(EXERCISE DATA):
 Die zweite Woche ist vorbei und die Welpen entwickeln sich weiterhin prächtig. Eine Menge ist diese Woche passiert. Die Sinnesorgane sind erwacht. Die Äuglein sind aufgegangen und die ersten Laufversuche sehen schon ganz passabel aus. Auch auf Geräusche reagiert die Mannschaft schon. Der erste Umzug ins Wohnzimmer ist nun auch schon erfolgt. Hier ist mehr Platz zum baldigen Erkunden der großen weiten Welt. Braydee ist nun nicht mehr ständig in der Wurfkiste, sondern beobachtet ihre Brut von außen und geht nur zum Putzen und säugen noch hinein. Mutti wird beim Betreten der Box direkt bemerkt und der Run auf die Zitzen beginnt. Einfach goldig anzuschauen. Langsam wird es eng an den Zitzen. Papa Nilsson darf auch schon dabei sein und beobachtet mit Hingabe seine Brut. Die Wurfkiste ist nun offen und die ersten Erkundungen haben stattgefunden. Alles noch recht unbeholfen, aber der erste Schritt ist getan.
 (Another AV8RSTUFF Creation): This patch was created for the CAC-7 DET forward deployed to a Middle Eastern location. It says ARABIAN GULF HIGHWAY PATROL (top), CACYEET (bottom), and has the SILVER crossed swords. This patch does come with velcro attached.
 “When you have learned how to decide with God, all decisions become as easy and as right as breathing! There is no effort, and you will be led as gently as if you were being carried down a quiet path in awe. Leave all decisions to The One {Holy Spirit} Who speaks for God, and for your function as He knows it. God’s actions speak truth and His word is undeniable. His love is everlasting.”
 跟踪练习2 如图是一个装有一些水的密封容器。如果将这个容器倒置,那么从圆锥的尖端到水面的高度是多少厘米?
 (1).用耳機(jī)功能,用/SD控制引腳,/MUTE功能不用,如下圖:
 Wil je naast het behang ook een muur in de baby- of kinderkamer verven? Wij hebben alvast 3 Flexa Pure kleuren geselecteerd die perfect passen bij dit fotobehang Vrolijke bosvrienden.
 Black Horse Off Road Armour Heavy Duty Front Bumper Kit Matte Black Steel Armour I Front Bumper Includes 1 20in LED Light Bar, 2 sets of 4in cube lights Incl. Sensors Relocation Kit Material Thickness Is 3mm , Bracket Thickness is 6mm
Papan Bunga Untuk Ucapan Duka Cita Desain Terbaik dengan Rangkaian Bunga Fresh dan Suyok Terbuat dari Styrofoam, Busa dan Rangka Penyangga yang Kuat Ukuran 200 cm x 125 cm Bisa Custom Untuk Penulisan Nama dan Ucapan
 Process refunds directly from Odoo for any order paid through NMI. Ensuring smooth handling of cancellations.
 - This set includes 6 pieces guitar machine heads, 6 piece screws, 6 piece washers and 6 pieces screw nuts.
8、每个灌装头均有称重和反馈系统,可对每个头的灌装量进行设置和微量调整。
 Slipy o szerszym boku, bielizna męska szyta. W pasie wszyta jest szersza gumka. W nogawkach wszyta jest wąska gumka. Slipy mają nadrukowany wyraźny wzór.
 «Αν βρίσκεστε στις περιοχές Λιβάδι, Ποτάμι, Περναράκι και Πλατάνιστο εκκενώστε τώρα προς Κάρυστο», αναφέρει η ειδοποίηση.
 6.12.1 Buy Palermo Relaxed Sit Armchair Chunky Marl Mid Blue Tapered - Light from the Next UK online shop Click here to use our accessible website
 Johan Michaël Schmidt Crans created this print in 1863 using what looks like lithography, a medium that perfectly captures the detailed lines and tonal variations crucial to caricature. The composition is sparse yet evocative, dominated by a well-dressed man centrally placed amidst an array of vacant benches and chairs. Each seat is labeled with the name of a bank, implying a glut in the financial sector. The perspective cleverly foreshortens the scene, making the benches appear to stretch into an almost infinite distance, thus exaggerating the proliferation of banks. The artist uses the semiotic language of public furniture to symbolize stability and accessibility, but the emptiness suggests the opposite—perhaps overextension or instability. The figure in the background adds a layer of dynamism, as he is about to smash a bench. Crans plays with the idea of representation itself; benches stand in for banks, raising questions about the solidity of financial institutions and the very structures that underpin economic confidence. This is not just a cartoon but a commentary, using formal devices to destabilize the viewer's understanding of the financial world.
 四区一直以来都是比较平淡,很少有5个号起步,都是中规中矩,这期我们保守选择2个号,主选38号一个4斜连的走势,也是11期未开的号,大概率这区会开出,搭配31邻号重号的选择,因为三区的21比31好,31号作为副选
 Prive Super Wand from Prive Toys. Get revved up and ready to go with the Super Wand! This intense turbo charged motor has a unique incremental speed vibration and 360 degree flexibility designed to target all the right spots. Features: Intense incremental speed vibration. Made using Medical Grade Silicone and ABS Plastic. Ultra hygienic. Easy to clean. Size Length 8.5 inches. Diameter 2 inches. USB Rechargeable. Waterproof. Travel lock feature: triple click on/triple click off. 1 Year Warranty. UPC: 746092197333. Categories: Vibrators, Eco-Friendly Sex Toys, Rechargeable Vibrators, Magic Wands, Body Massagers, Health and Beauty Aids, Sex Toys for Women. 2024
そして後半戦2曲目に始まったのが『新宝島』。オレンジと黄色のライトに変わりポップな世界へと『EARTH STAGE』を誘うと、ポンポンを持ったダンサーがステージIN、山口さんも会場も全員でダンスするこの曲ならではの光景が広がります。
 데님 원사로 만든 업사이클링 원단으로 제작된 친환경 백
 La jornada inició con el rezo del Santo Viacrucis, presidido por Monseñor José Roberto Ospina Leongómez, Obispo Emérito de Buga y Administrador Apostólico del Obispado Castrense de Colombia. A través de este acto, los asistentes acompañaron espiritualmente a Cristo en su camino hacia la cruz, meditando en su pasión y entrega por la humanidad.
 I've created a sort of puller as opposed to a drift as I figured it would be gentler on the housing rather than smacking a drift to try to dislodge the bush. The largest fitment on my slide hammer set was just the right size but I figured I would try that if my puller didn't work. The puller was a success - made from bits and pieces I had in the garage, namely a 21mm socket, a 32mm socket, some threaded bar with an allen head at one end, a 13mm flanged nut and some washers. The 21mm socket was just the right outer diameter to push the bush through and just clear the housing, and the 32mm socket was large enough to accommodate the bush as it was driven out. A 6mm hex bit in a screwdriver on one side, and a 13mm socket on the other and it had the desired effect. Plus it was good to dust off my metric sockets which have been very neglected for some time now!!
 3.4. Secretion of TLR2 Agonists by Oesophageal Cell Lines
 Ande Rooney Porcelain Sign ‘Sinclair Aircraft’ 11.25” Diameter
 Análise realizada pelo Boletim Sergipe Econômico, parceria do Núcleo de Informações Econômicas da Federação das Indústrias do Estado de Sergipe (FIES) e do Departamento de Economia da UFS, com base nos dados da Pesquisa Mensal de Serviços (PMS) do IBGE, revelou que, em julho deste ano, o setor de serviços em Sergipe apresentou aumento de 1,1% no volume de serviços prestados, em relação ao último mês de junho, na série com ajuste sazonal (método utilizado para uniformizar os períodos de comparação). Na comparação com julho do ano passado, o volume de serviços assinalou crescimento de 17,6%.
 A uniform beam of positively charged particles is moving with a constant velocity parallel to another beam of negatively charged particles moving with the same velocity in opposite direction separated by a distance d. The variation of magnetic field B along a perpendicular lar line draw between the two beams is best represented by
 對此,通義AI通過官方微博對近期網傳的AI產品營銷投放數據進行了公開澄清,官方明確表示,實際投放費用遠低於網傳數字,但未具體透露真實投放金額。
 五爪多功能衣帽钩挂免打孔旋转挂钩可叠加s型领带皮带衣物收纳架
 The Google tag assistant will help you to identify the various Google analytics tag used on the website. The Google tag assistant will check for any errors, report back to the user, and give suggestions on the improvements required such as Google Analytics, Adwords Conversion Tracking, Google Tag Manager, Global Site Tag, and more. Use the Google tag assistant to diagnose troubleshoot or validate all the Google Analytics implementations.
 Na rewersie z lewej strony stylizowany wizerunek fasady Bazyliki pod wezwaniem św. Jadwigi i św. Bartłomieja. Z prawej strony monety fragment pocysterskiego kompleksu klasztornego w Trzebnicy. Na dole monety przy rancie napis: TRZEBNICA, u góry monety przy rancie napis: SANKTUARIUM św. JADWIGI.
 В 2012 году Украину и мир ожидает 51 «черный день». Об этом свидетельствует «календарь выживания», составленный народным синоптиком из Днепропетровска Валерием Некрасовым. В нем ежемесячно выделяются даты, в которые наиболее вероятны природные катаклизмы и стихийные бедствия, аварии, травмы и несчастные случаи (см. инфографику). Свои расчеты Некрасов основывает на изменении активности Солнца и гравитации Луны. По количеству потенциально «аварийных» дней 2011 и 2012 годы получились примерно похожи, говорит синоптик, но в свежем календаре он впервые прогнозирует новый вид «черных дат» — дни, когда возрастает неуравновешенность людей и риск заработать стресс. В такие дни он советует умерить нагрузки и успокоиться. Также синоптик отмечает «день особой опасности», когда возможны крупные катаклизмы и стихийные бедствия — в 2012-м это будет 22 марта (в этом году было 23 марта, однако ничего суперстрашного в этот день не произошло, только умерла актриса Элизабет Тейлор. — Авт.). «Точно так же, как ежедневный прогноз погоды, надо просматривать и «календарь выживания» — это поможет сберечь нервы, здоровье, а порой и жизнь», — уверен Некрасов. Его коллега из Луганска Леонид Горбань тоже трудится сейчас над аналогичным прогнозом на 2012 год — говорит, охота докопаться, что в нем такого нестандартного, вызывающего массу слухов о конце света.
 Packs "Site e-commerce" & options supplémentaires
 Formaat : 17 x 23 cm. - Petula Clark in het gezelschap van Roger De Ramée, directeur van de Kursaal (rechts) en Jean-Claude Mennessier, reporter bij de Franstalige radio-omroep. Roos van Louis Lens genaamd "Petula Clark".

(ASSIGNED TASK): Return the lines above that include the string "from".

(TASK RESPONSE):
 Process refunds directly from Odoo for any order paid through NMI. Ensuring smooth handling of cancellations.
 6.12.1 Buy Palermo Relaxed Sit Armchair Chunky Marl Mid Blue Tapered - Light from the Next UK online shop Click here to use our accessible website
 Prive Super Wand from Prive Toys. Get revved up and ready to go with the Super Wand! This intense turbo charged motor has a unique incremental speed vibration and 360 degree flexibility designed to target all the right spots. Features: Intense incremental speed vibration. Made using Medical Grade Silicone and ABS Plastic. Ultra hygienic. Easy to clean. Size Length 8.5 inches. Diameter 2 inches. USB Rechargeable. Waterproof. Travel lock feature: triple click on/triple click off. 1 Year Warranty. UPC: 746092197333. Categories: Vibrators, Eco-Friendly Sex Toys, Rechargeable Vibrators, Magic Wands, Body Massagers, Health and Beauty Aids, Sex Toys for Women. 2024
 I've created a sort of puller as opposed to a drift as I figured it would be gentler on the housing rather than smacking a drift to try to dislodge the bush. The largest fitment on my slide hammer set was just the right size but I figured I would try that if my puller didn't work. The puller was a success - made from bits and pieces I had in the garage, namely a 21mm socket, a 32mm socket, some threaded bar with an allen head at one end, a 13mm flanged nut and some washers. The 21mm socket was just the right outer diameter to push the bush through and just clear the housing, and the 32mm socket was large enough to accommodate the bush as it was driven out. A 6mm hex bit in a screwdriver on one side, and a 13mm socket on the other and it had the desired effect. Plus it was good to dust off my metric sockets which have been very neglected for some time now!!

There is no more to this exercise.